Stretching exercises are appropriate for the gastroc, soleus, hamstring, and plantar fascia. (81,91) The plantar fascia may be effectively stretched by sitting in a Figure 4 position, and fully dorsiflexing the great toe for 10 seconds repetitively throughout the day. Routinely stretching the plantar fascia in this fashion is associated with significantly improved outcomes. (81) Plantar fascia mobilization may be performed at home by rolling a golf ball or frozen water bottle beneath the plantar fascia. The use of a Prostretch may assist in stretching and mobilizing the plantar flexors.
Strengthening exercises are appropriate for the gastroc, soleus, posterior tibialis, and intrinsic muscles of the foot. (82) Examples include marble and towel gripping exercises. Strengthening exercises for the posterior tibialis should be implemented to help arch support. Strengthening of the flexor digitorum brevis is an important component of treatment and may be accomplished by performing toe flexion with an exercise band. (36) Eccentric heel raises with the great toe positioned in passive dorsiflexion (i.e. great toe propped up with a towel) have shown benefit for plantar fasciitis patients. (98)

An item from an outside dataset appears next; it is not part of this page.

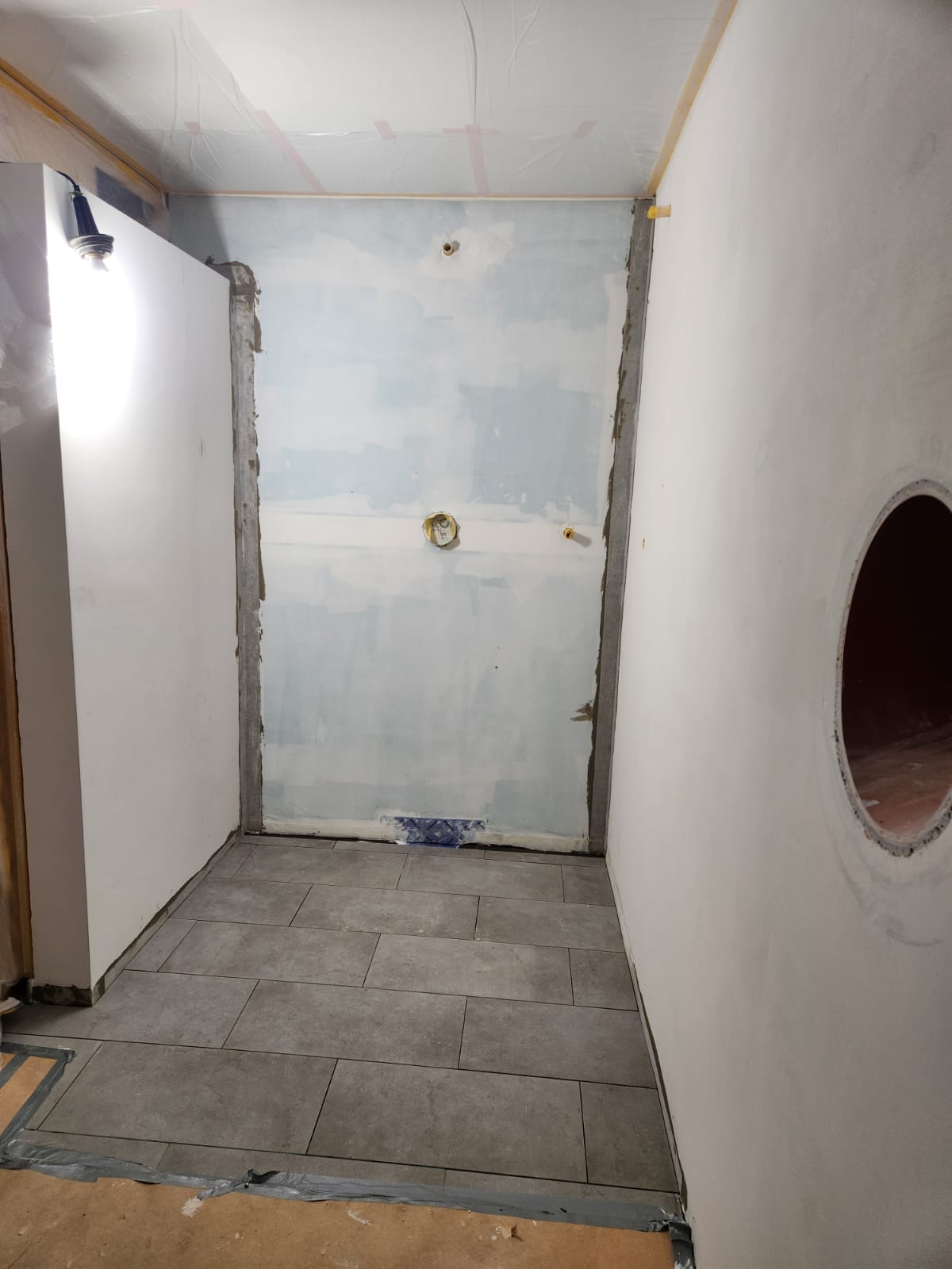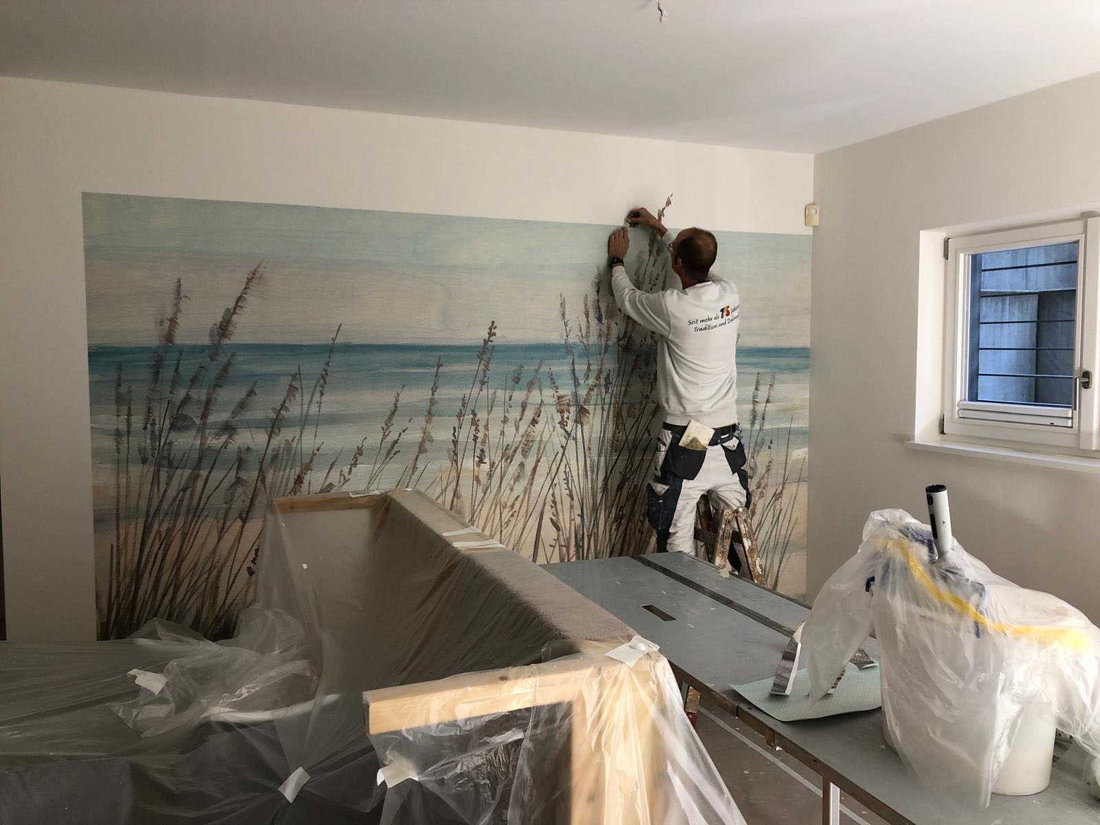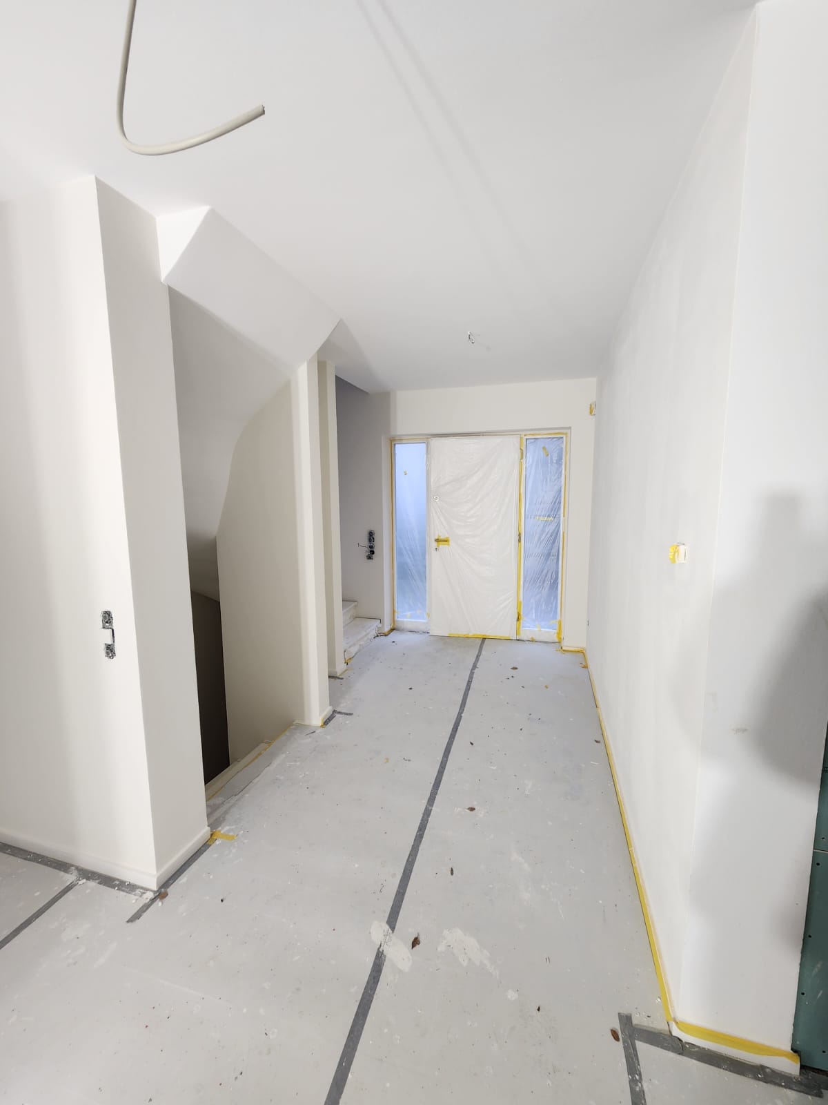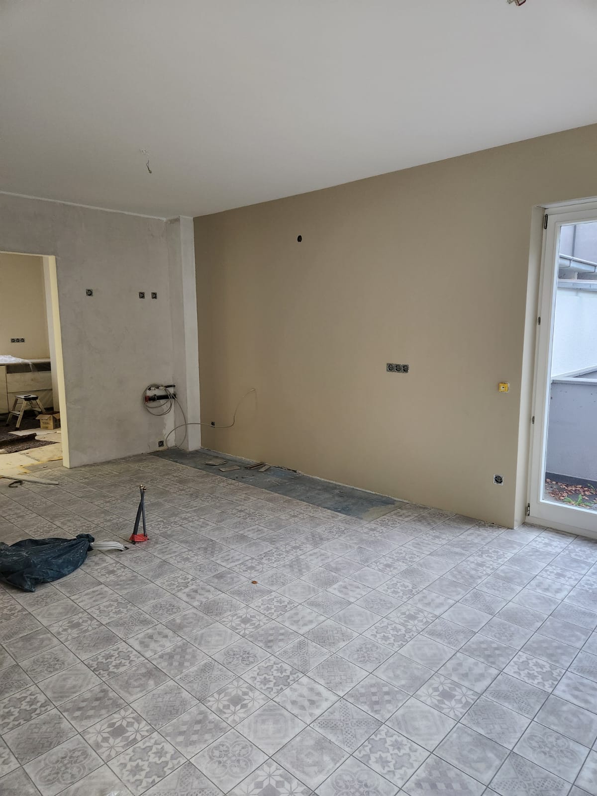 Anlegen der Kaminwand in Sichtbetonoptik Fertigstellung Wandgemälde Einliegerwohnung UG Malerarbeiten in allen Geschossen Montage der Sanitärobjekte erfolgt in der nächsten Woche

Nearly two-thirds of foot and ankle orthopedic specialists prefer stretching and manual therapy over anti-inflammatories or corticoid steroid injections for chronic plantar fasciitis patients. (83) Medical management of recalcitrant plantar fasciitis includes extracorporeal shock-wave therapy (ESWT), cortisone injections, and surgery. ESWT has shown to help some patients. (63,85) ESWT (originally developed as lithotripsy) is thought to break up calcific deposits and stimulate fibro blast activity to encourage healing. Corticoid steroids may provide an anti-inflammatory effect in cases where inflammation is present but carry the risk of spontaneous plantar fascia rupture or damage to the heel pad. (62,87) Surgical management includes fasciotomy.